Было дело, были штормы,
Океан и край мечты…

–  Эй, старик, да мы знакомы!
В Тихом шел по борту ты!
Твой рыбацкий, австралийский,
Мы спасли тогда баркас…
Как же так, ты снова близко.
Кинь швартовы, слышишь нас?..
Ждут нас мамки, ждут отцы…
–  Трап поднять! Отдать концы!


Глава 1. Песня

Тишина… Минутное молчанье.
И понятно, даже кто-то встал.
Мы пока отложим расставанье.
Предлагаю выйти на причал.

День уходит. Горизонт пурпурный.
Перекрестия швартовых крепят борт.
На шкафуте вахтовый дежурный
Подбирает на стихи аккорд.

Шестиструнная потертая гитара,
Обертонит первая струна,
Гриф блестит от зимнего загара,
Звук её – Курильская волна!

Той гитаре изливали душу
В тесных кубриках, присев на рундуках,
Между вахт. И кто-то рядом слушал.
И гитара замирала на руках.

Словно дочь, невеста, мать родная,
Замирала от объятий рыбака.
Словно, свет в душе перебирая,
Струн касалась бережно рука.

И так отчетливо.
Доступно и отчетливо.
Доступно и отчетливо слышна
Была для всех,
кто с морем жизнь связал,
старательно
в аккорд вплетенная,
Курильская волна.

–  Осторожно!
Правым бортом
пришвартован к нам «Саргал»,
Через нас на берег сходит
экипаж их на причал!
Не до песен. Оборвалась
нота где-то в высоте,
Нотной строчкой зацепилась
за надстройки в темноте.
Не до песен. Это точно!
Делу – время, песням – час!
Трапом сходят в порт.
– Надолго?
– Обернемся мигом, в раз!
–  Что же, брат, так быстро? Или
вам не в радость отчий дом?
–  Что ты! Милая сторонка…

Помню, песню пел о том,
Как влюблен был бесконечно в свои стены капитан,
Рисовал на них фрегаты… Был еще совсем пацан.
И тогда еще, в пятнадцать,
Уходил по ним в моря…
Не на год, а на все двадцать!
Вот таким же был и я.

А теперь же нет роднее стен на суше, где кровать
Не болтается от шторма, и спокойно можно спать!
И неспешно подниматься с первым криком петуха,
Открываешь холодильник – там холодная уха,
Рядом свеженький огурчик.
А ещё – домашний квас…
Ну, скажи, кто в дальних рейсах не мечтал о нём хоть раз?
Если ж дом тебя встречает не пустой… Там ждёт она –
То захватывает душу,
как Курильская волна!

От картин воспоминаний
Захотелось так поесть,
Что проснулся редкий норов:

–  Есть хочу! Ни встать, ни сесть!

Если камбуз крепко заперт
До утра, то на морях
Как положено, на паперть
Не бегут.

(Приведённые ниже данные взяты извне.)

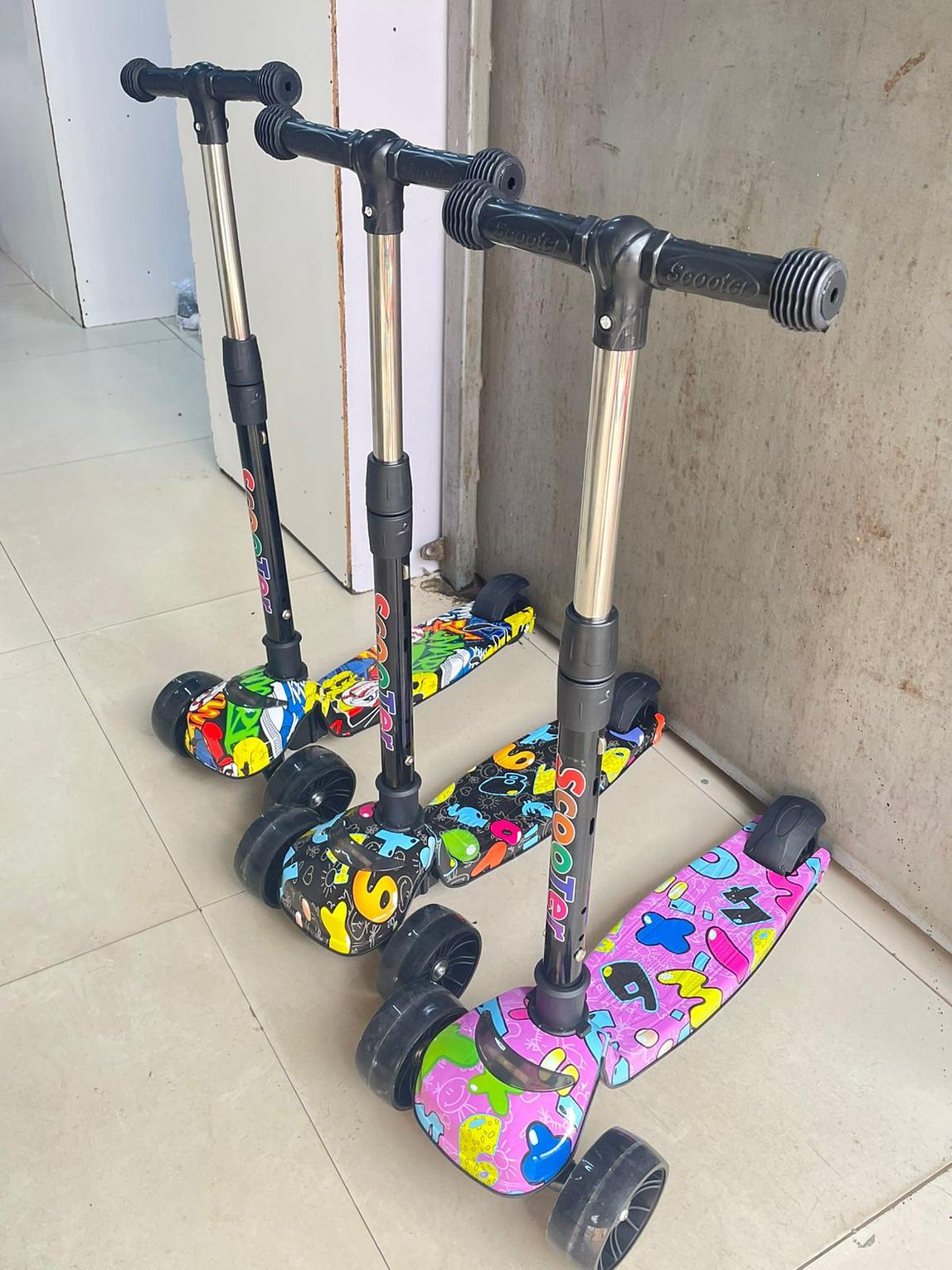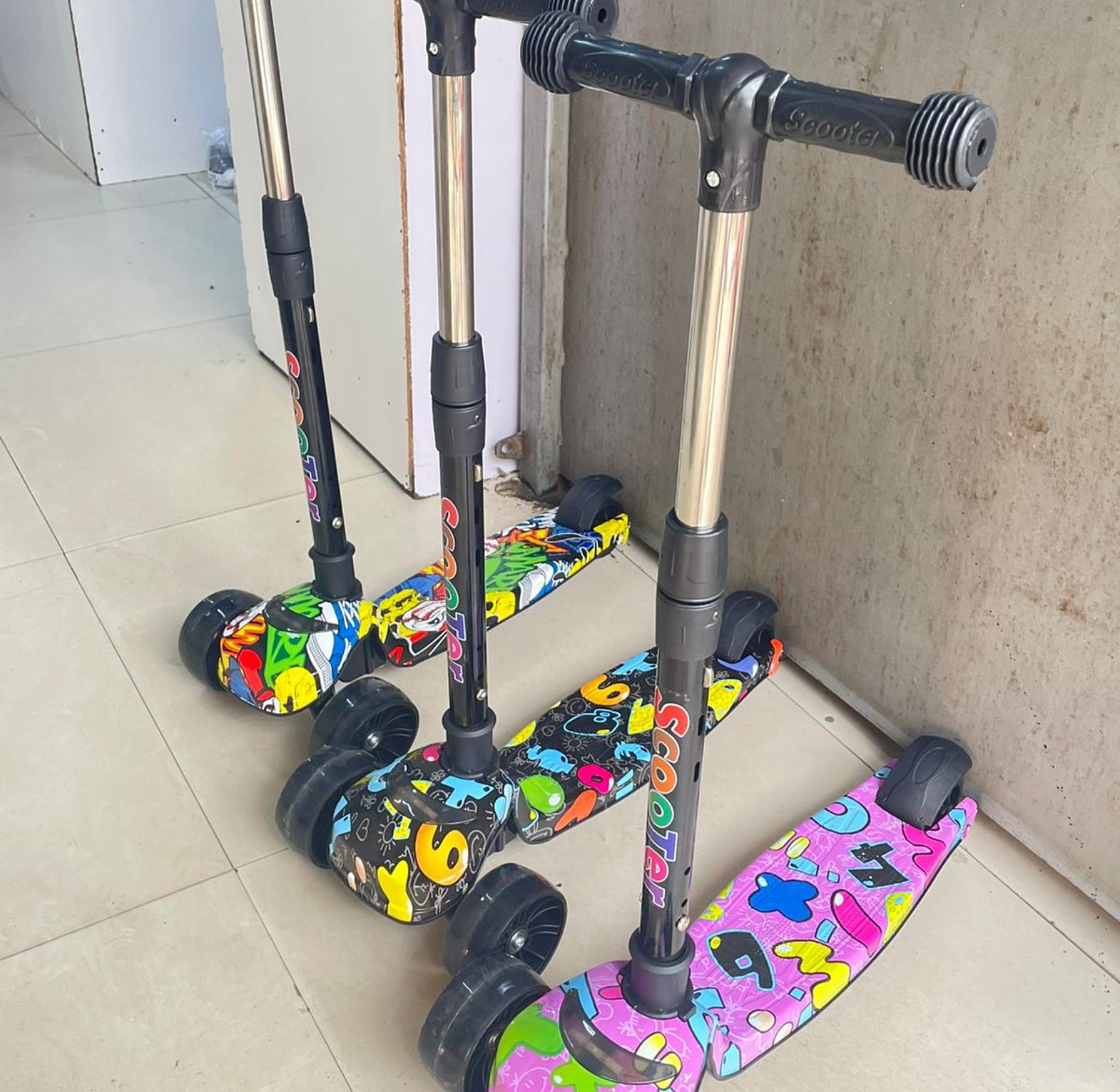 These are vibrant, eye-catching scooters designed for young riders, often featuring colorful, graffiti-inspired designs. They are built for durability and stability, making them suitable for beginners. A key feature is the "lean-to-steer" design, which encourages natural balance and coordination.

О сухарях
Под заваренный вкрутую
Чай, что греет моряков,
Помнит каждый. Про такую,
Про еду сказать готов:

–  Если с ног тебя сбивает, пеленою стелет марь –
Ты налей чайку покрепче и об банку бей сухарь!

Через полчаса сменившись,
И гитару захватив,
Средь команды разместившись,
Слышу:
– Брат, давай мотив.

Старательно. Спокойно и старательно.
Спокойно и старательно вполне
Команда мачты рубит, и мечтательно
Нет-нет, да улыбнется кто тебе.

– Завидую, когда все улыбаются.
А мне – что день, то новый анекдот.
Не то, что б надо мною усмехаются,
Так, сами по себе, но день не тот.
Но день, прошедший облаком по небу,
И чайкой пролетевший вслед закат
Не радуют. Ни зрелищу, ни хлебу,
Сегодня я, друзья, увы, не рад. –

Так молвил тихо молодой матросик,
Присев на койке, в кубрике, в углу.
И, нервно теребя на шлейке тросик,
Чертил прогаром стрелки на полу.

– Постой, браток, чего раскис некстати?
Зачем повесил нос? Ведь завтра в путь.
Путина будет! Будет и к зарплате
Прибавка для семьи. Ну, как-нибудь,
Ну, как получится, конечно, как придется,
а всё же постараемся успеть
до льдов пройти на север.
И найдется
Причина улыбнуться.
– Может спеть?

Парню в этом пожеланье отказать мы не могли:

– Спой же, друг ты наш сердешный, да про чудо-корабли.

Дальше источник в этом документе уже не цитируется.